--- DATASET EXTRACT ---

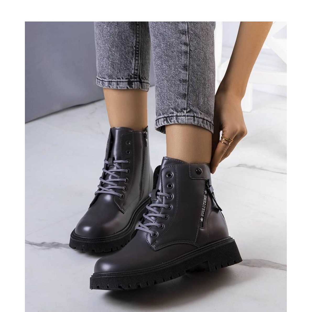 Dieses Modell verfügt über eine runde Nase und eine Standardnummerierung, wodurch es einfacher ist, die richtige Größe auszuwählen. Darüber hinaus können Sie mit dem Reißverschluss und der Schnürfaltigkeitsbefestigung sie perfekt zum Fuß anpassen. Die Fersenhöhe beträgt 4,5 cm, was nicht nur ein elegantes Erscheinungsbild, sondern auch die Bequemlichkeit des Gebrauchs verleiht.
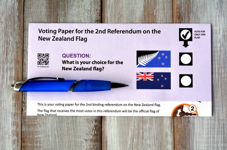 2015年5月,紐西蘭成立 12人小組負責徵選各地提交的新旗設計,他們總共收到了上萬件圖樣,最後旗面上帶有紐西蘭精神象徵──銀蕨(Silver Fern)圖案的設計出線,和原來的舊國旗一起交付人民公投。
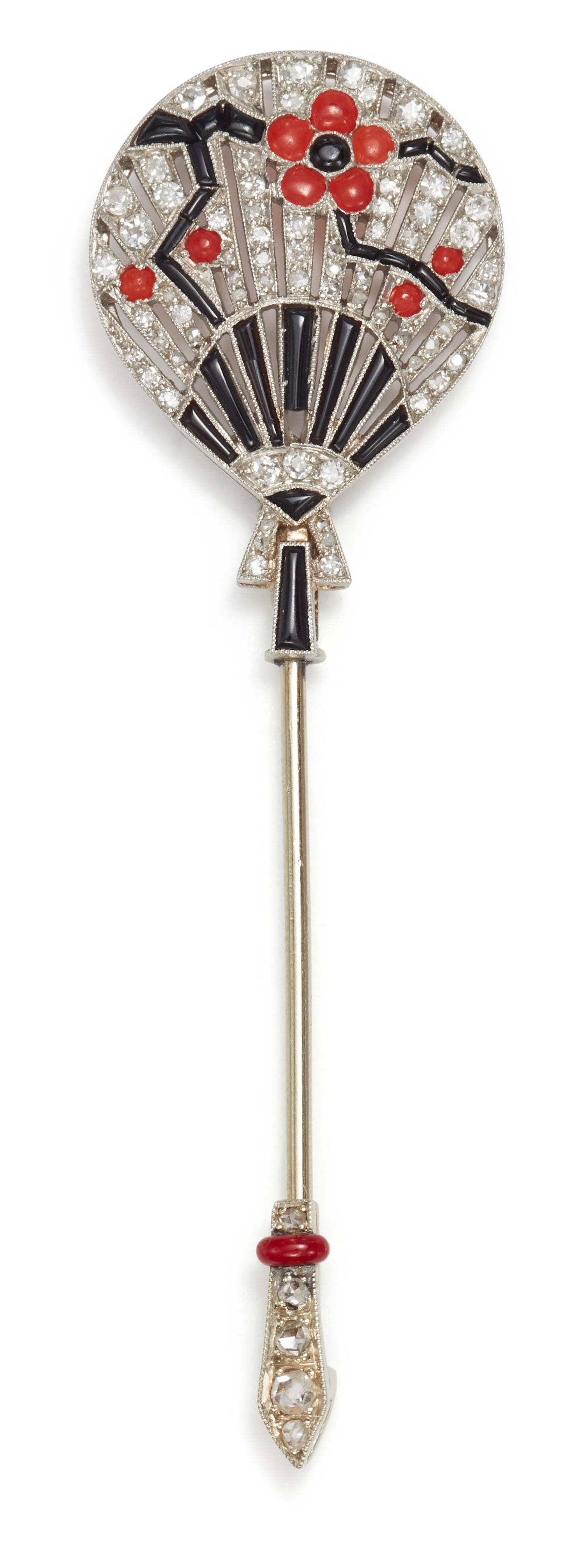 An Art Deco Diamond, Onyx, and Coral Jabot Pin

---

▶ _GOAL OF THE EXERCISE_
With the pictures left out, return the listing above exactly as it stands.

▶ _EXPECTED ANSWER_
 Dieses Modell verfügt über eine runde Nase und eine Standardnummerierung, wodurch es einfacher ist, die richtige Größe auszuwählen. Darüber hinaus können Sie mit dem Reißverschluss und der Schnürfaltigkeitsbefestigung sie perfekt zum Fuß anpassen. Die Fersenhöhe beträgt 4,5 cm, was nicht nur ein elegantes Erscheinungsbild, sondern auch die Bequemlichkeit des Gebrauchs verleiht.
 2015年5月,紐西蘭成立 12人小組負責徵選各地提交的新旗設計,他們總共收到了上萬件圖樣,最後旗面上帶有紐西蘭精神象徵──銀蕨(Silver Fern)圖案的設計出線,和原來的舊國旗一起交付人民公投。
 An Art Deco Diamond, Onyx, and Coral Jabot Pin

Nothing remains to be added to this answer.